Schoeneberg, Wilmersdorf, Charlottenburg…

An article of The move Channel…quite a sales pitch, but there’s some truth to it…

Big Berlin investment signals beginning of boom


After fifteen years of stagnation the Berlin property market is finally starting to stir as foreign investors snap up property in the city, reports Assetz…

After fifteen years of stagnation the Berlin property market is finally starting to stir as foreign investors snap up property in the city, attracted by low start up costs and commercial office space which is considerably cheaper than in Munich and Frankfurt, reports Assetz.

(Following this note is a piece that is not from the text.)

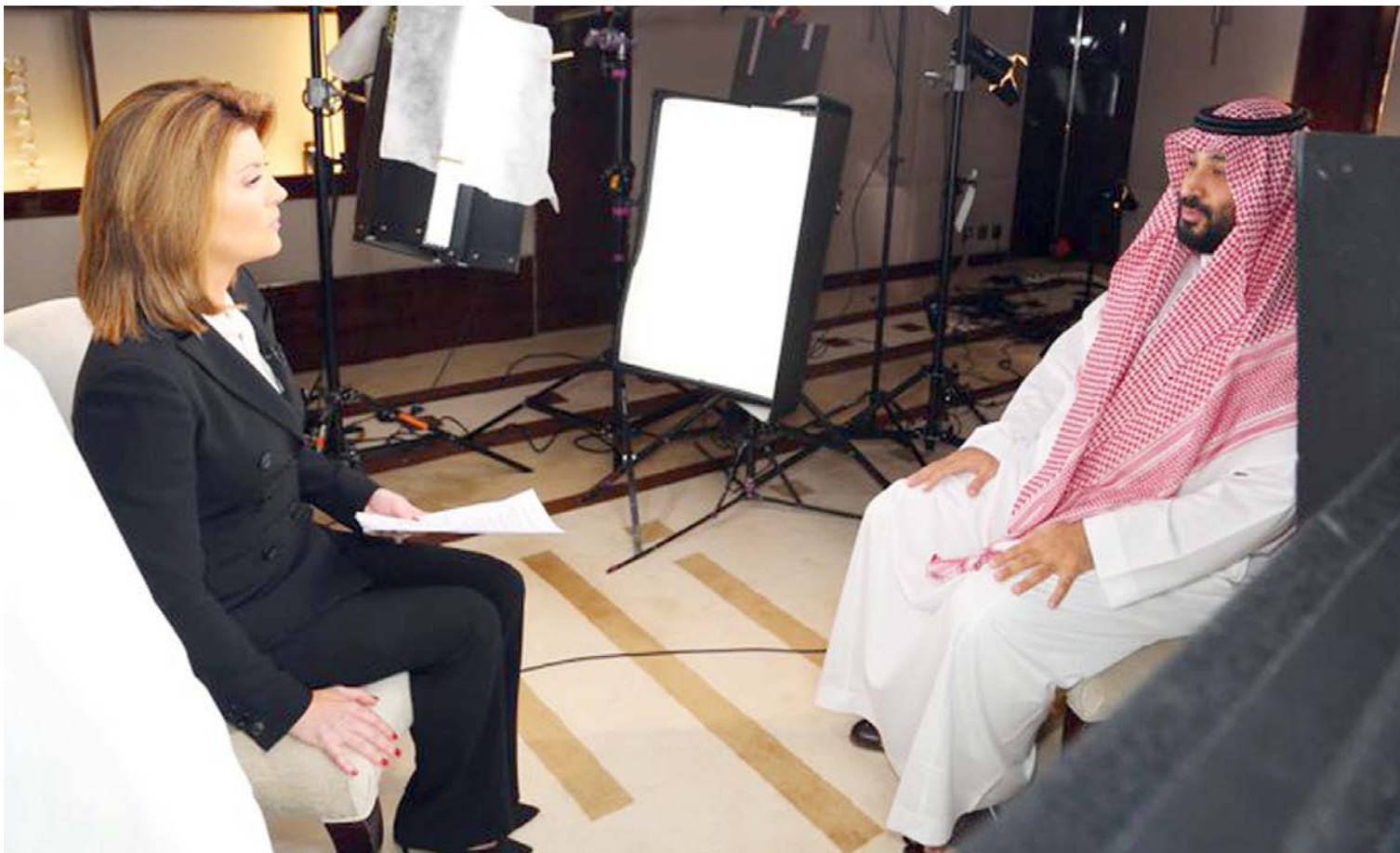
الأمير محمد بن سلمان خلال لقائه قناة cbs الأمريكية.

Berlin has seen huge multi-billion pound investments in property from UK and European investment banks such as Terra Firma, which are buying up vast blocks of apartments. In addition, leading multinationals such as Sony and DaimlerChrysler have set up headquarters in the city.

This considerable injection of investment has kick-started property market growth – 2006 saw a tentative 0.2% rise in prices after losses in the previous year. The German economy as a whole expanded by 2.5% in 2006, the fastest growth since 2000, and looks set to increase by a further 2.5% in 2007.

Unemployment in Berlin fell to its lowest in four years in November 2006, and this trend is set to continue. It will be the influx of foreign investors that will in time help to drive a growing preference for home ownership that has not been witnessed before in the city, where just 14% of people currently own their own properties.

Stuart Law, Chief Executive of Assetz commented: “Germany is a new market for most overseas investors and it will take time to develop, so I would advise taking a ten year view rather than expecting instant returns. However, the growth triggers investors have been waiting for are starting to occur, with prices in some residential areas such as Charlottenburg, Wilmersdorf and Schoeneberg seeing small rises after years of declining or static prices.

Law continued: “It is a unique situation to have property prices in a capital, as they are in Berlin, which are half those of the surrounding cities of Munich and Frankfurt.  With economic conditions remaining favourable, it is inevitable that the Berlin market will catch up, as the UK-led phenomenon of buying your own home continues to spread rapidly across Europe.”